June 4, 2004 – It’s like leapfrog, but nobody’s jumping

Pushing people onto the Keio line at Shibuya Station

Pushing people onto the Keio line at Shibuya Station

I had to work today. The guys went to a sword museum in Tokyo, and then met up with me outside Kawasaki station at the end of my shift. They all requested another night out in Shibuya. We spent our time in game centers and then went back to Don Quijote, this time sober enough to fully enjoy the experience. Green and I both bought small beer chilling machines which claim to cool a beer from room temperature to drinking temperature in 90 seconds. For the price of 2000 yen this seemed like a reasonable gamble.

We got to Shibuya station a bit early to avoid any chance of missing the last train. Our route home was the always crowded Keio line to Shimokitazawa, and then Odakyu line to Noborito. When we got to the platform we saw the second last train loading up. It was literally wall to wall people. This gave us a chance to see Japan’s famous train pushers for the first time. They are railway staff that push all of the arms and legs into a crowded train car so the doors can close. If you want a true Japan cultural experience, you have to see the train pushers in action.

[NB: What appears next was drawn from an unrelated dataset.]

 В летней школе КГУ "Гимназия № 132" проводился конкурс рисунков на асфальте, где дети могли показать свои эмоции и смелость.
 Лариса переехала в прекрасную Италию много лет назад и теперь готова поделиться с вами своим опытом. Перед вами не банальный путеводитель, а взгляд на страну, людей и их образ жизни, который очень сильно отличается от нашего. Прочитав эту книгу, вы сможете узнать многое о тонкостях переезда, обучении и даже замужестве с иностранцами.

We went to the front of the line and waited for the last train of the evening to arrive. We were in the last train car standing against the back wall of the car in a row. I regretted my purchase of the beer cooling cube as I had to awkwardly straddle it while the train car filled up. By the time the train was ready to leave, the train car was packed like sardines and we were pressed up against the back wall. Due to my awkward straddling position, a nearby drunk man tried to use me as a seat.

The view inside the last train out of Shibuya

The view inside the last train out of Shibuya

As we got moving, a drunk woman crawled between Flounder’s legs and started looking like she was going to be sick. Flounder described the situation to me as “It’s like a game of leapfrog, but nobody’s jumping!”. Everyone in the area who could understand language was laughing at the situation.

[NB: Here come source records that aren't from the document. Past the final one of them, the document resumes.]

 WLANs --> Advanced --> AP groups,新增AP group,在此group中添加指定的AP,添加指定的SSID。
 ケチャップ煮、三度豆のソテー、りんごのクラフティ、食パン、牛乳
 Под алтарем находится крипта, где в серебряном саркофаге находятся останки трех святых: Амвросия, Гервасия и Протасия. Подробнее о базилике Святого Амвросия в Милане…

When we got closer to Shimokitazawa station, I instructed the guys that we had to get off the train quickly and run to Odakyu line. I let them know that we only had a few minutes to make our connection before the Odakyu line left. I made very clear to them that if they didn’t get off the train before the doors closed, that they would have no way of getting back to Hello House.

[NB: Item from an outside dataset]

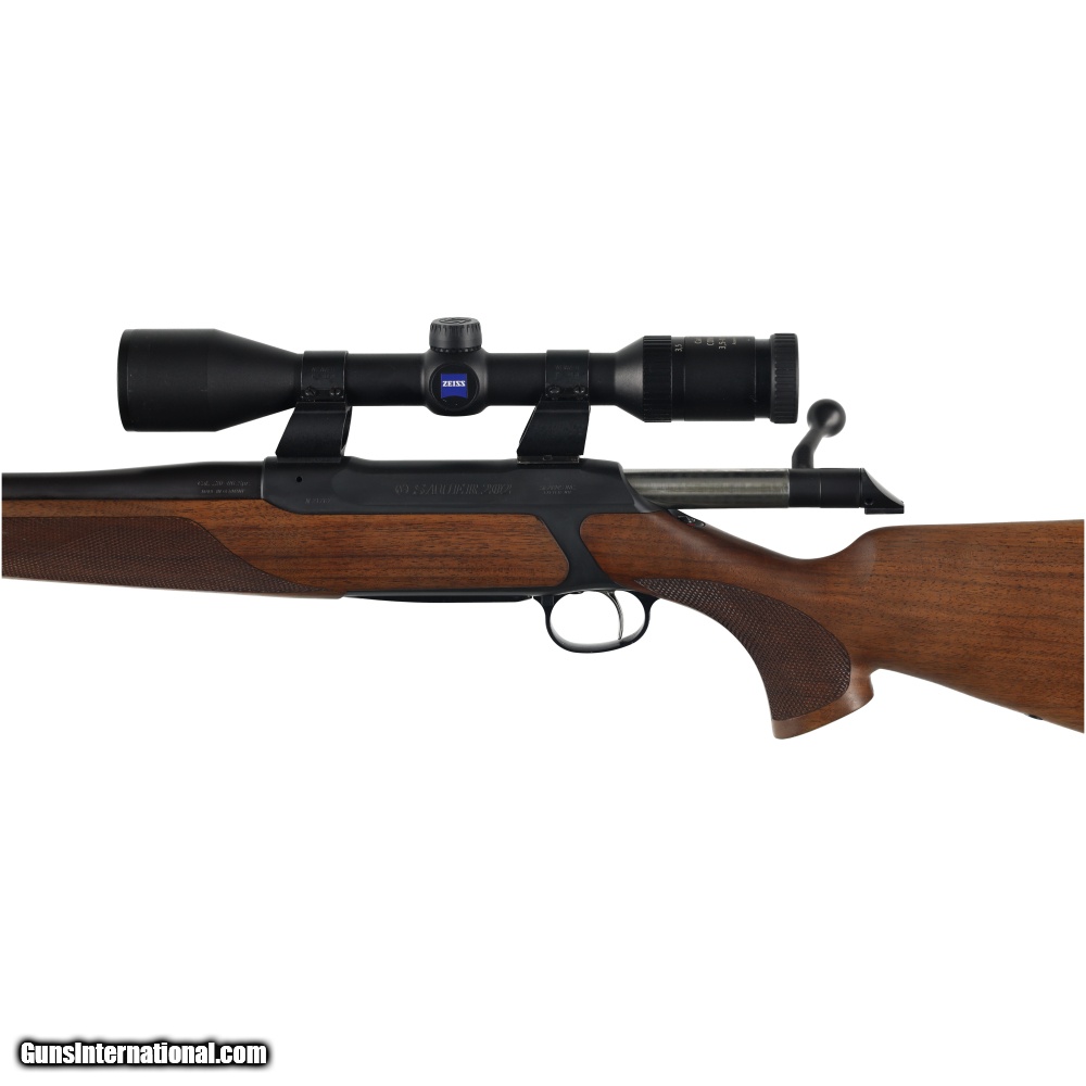 Description: The Sauer 202 is a light weight bolt action rifle with a modular design, imported by Sig Arms from 1993 to 2015. This example is in very good condition with almost no external signs of wear. The bore is clean with strong and sharp rifling. mounted on top of this rifle is a Zeiss Conquest 3.5-10x44 optic with standard duplex reticle. Manufactured in: Germany Hand: Right Hand Action Finish: Gray Action Description: Bolt Action Metal Finish: Original Barrel Length: 24 Inches Barrel Condition: Very Good Stock Finish: Original Stock Condition: Very Good Type of Butt: Factory Pad Pad Thickness: 5/8" Grip: Pistol Forend: Checkered Schnabel Extra Barrels: No. SOLD Manufacturer: Sauer Model: 202 Caliber Info: 30-06 Condition: Preowned Metal Condition: Very Good Action: Bolt Action Triggers: Single Fore End: Checkered Schnabel Butt Pad: 5/8 LOP: 13 3/4 Finish: Original Weight: 8.8 lbs Extras: No. Case: NONE |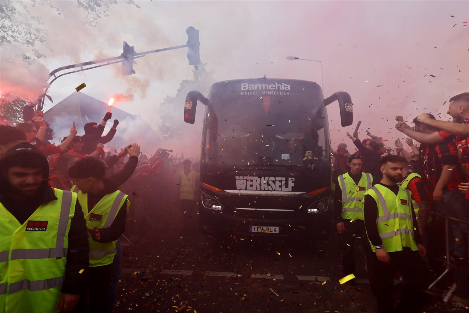 حرصت جماهير فريق باير ليفركوزن على استقبال حافلة فريقها بالألعاب النارية والشماريخ تمهيدا للاحتفال بلقب الدوري الألماني حال الفوز اليوم الأحد على فيردر بريمن على ملعب باي أرينا، ضمن لقاءات الجولة رقم 29.

At Shimokitazawa the doors opened and a crowd of people started flowing out of the train. Japan is a usually very polite and orderly country, except on crowded trains. When the train is crowded, anything goes. Hippie, Code Red, Green and I all forced our way off the train, but Flounder was trapped behind a man who stood directly in the doorway with his arms crossed.

Flounder yelled out “I can’t get off the train!”. I replied “you HAVE to get off the train NOW”.

Flounder, hearing the urgency in my voice, decided that desperate times called for desperate measures. He tried to go left – not enough space. He tried to go right – too crowded. He then grabbed the door blocker by his elbows, picked him up, and carried him off the train.

The door blocking man was furious at being picked up like a toy and moved out of the way. He turned around angrily and found himself staring directly into the middle of Flounder’s chest. As he slowly looked up at the giant smiling gaijin, he decided that he wasn’t all that angry anymore and quickly got on the train without a word. The nearby people on the platform thought this was hilarious. Flounder simply shrugged and told me “you said I had to get off the train now”. We all continued laughing as we ran for the Odakyu line to catch the last train back to Hello House.

Description on the beer cooling machine:

Drinking a glass of beer helps yourself release fatigue and mental stress after you come back home. Just pull down the lever and get a chilled canned beer for your relaxing time. COOLING CUBE creates a healing time and space beyond reality for you. Since 2002.